Nuclear Factor-κB Activation via Tyrosine Phosphorylation of Inhibitor κB-α Is Crucial for Ciliary Neurotrophic Factor-Promoted Neurite Growth from Developing Neurons

Abstract

The cytokine ciliary neurotrophic factor (CNTF) promotes the growth of neural processes from many kinds of neurons in the developing and regenerating adult nervous system, but the intracellular signaling mechanisms mediating this important function of CNTF are poorly understood. Here, we show that CNTF activates the nuclear factor-κB (NF-κB) transcriptional system in neonatal sensory neurons and that blocking NF-κB-dependent transcription inhibits CNTF-promoted neurite growth.
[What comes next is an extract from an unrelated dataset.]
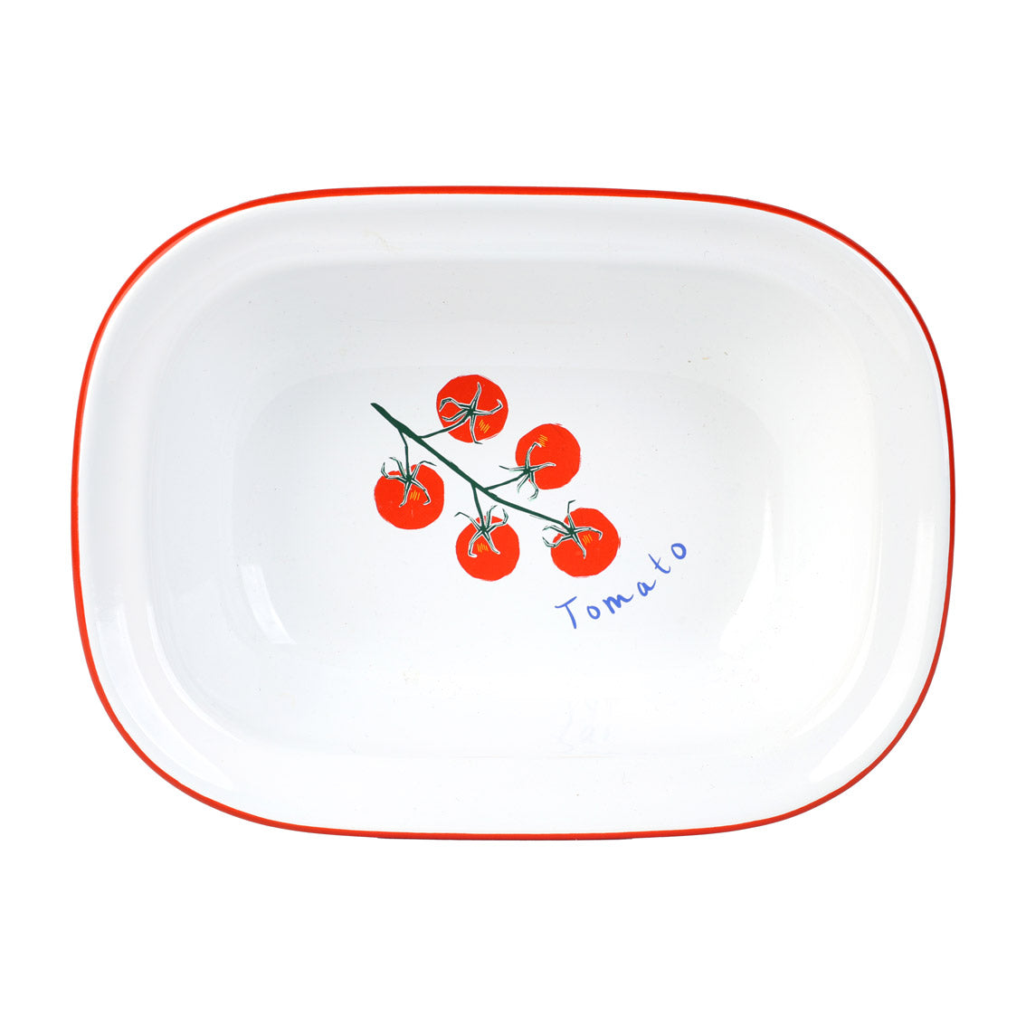 A soft green outer gives it a calm, classic feel. Inside, a stylish design of bright red tomatoes sits against clean white enamel, finished with a fine red rim and handwritten-style detail. Graphic but relaxed. Made to mix in when the table starts to fill.

Selectively blocking NF-κB activation by the noncanonical pathway that requires tyrosine phosphorylation of inhibitor κB-α (IκB-α), but not by the canonical pathway that requires serine phosphorylation of IκB-α, also effectively inhibits CNTF-promoted neurite growth. CNTF treatment activates spleen tyrosine kinase (SYK) whose substrates include IκB-α. CNTF-induced SYK phosphorylation is rapidly followed by increased tyrosine phosphorylation of IκB-α, and blocking SYK activation or tyrosine phosphorylation of IκB-α prevents CNTF-induced NF-κB activation and CNTF-promoted neurite growth. These findings demonstrate that NF-κB signaling by an unusual activation mechanism is essential for the ability of CNTF to promote the growth of neural processes in the developing nervous system.